Author: thirsch@gbif.org
Created: 2016-02-24 04:50:15.812
Updated: 2016-02-24 04:53:22.845
        
[~mdoering@gbif.org] the issue is that it looks very odd to have German Wikipedia descriptions show up on a site that is basically in English. It has been made all the more strange because the English Wikimedia descriptions are for whatever reason no longer appearing. Frankly it would be better to have no species description (unless and until we work out a sensible way of doing this) rather than the current situation.

Rather than jump to an arbitrary solution for this, I do think it should be brought into the overall content review for GBIF.org being led by [~kylecopas], as it is a fundamental editorial decision as to what text users can expect to find on a GBIF taxon page. 
    


Author: kylecopas
Created: 2016-02-24 07:45:11.881
Updated: 2016-02-24 07:45:11.881
        
I've seen German content pulled in since I arrived, so this doesn't strike me as new. Maybe it's just more widespread.

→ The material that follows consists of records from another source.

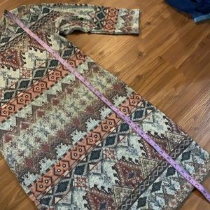 This dress is super flattering for whichever body type! Made of polyester and spandex, it hugs all the right places. Very pretty pattern on it. Sleeves are 3/4 sleeve.
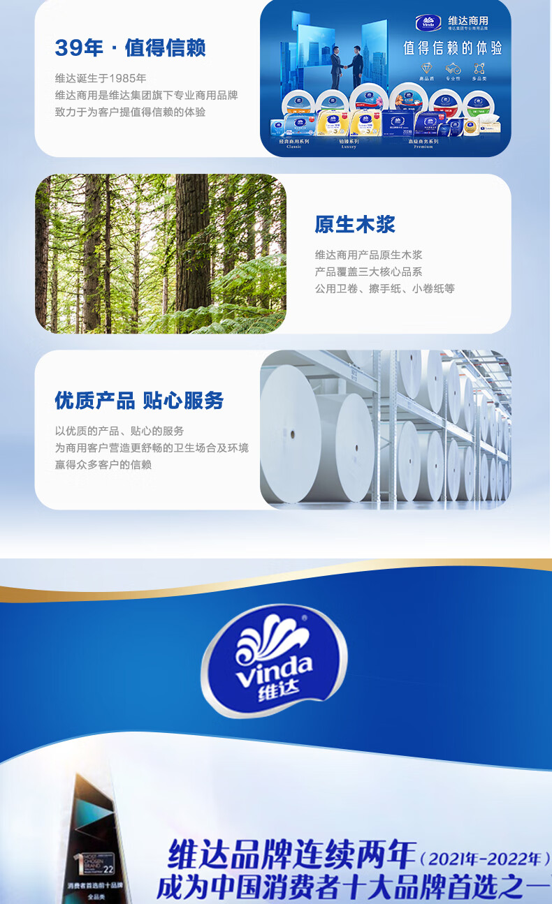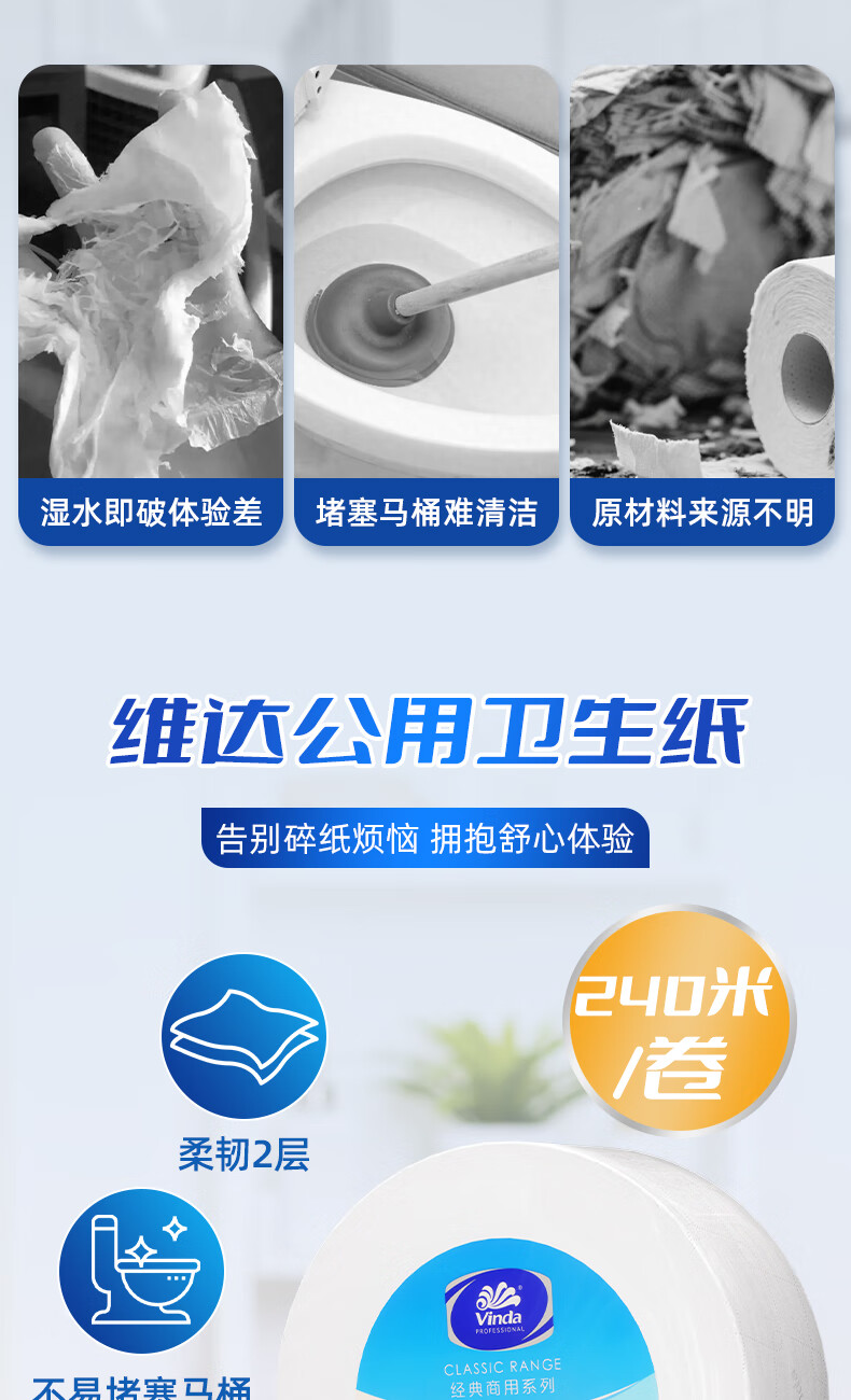 维达(Vinda) 卷纸vs4418大卷纸卫生纸大盘纸公用240米/卷双层商用手纸厕纸 12卷/箱
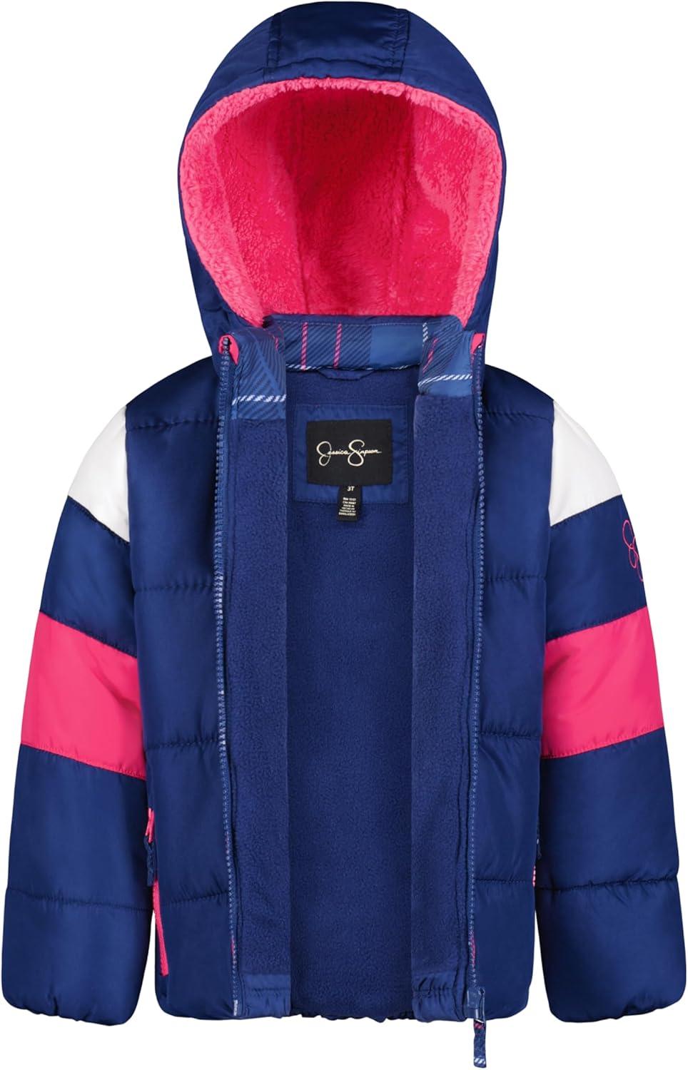 Get them ready for winter adventures with this stylish and functional Jessica Simpson snowsuit set. The set includes a cozy puffer jacket featuring a soft faux fur-trimmed hood and matching snow bib overalls. Both pieces are designed with water-resistant fabric to help keep her dry during snowy or rainy days. The puffer jacket has a warm fleece lining and a full-zip front for easy layering, while the snow bib overalls feature adjustable straps and a zip-up front for a snug fit. Perfect for outdoor play, skiing, or snowboarding, this set offers both warmth and protection from the elements.
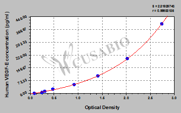 To assess the linearity of the assay, samples were spiked with high concentrations of human VEGF-E in various matrices and diluted with the Sample Diluent to produce samples with values within the dynamic range of the assay. Sample Serum(n=4) 1:1 Average % 85 Range % 80-90 1:2 Average % 96 Range % 90-100 1:4 Average % 98 Range % 91-105 1:8 Average % 90 Range % 82-98 -

Not sure what I can offer on this, to be honest, as I really don't have a good grasp on what the pool of other syndicated-content options includes, at least not at the scale we need it. Was this scoped during the development of the previous site? 
    


Author: thirsch@gbif.org
Created: 2016-02-24 08:30:55.059
Updated: 2016-02-24 08:30:55.059
        
The difference is that previously the German content was usually accompanied by an English-language entry, which for whatever reason is now missing.

At some point we just need a strategic answer to the following: Does a user of GBIF searching for a species or other taxon expect some minimum encyclopedia-type description from an outside source (text plus images), or is that in itself is duplicating what e.g. EoL is doing and we should stick only to the core info such as taxonomy, synonyms, common names, occurrences, inclusion in checklists etc - with any remaining info available by linking out to external sources (already in place for BHL, EoL, CoL). I see this as part of the overall review of how GBIF.org serves its audiences, which is why I batted it back to [~kylecopas]. 
    


Author: rdmpage
Created: 2016-02-24 10:35:00.158
Updated: 2016-02-24 10:35:00.158
        
I think a text description can be very useful, partly for information, and partly as a reality check (if the text says an animal is African and GBIF shows it occurring in the US, then this should prompt the user to investigate further. Presumably given it's international audience GBIF should be thinking in terms of supporting descriptions in multiple languages. In practice these descriptions could be sourced from EOL and/or Wikipedia/Wikidata.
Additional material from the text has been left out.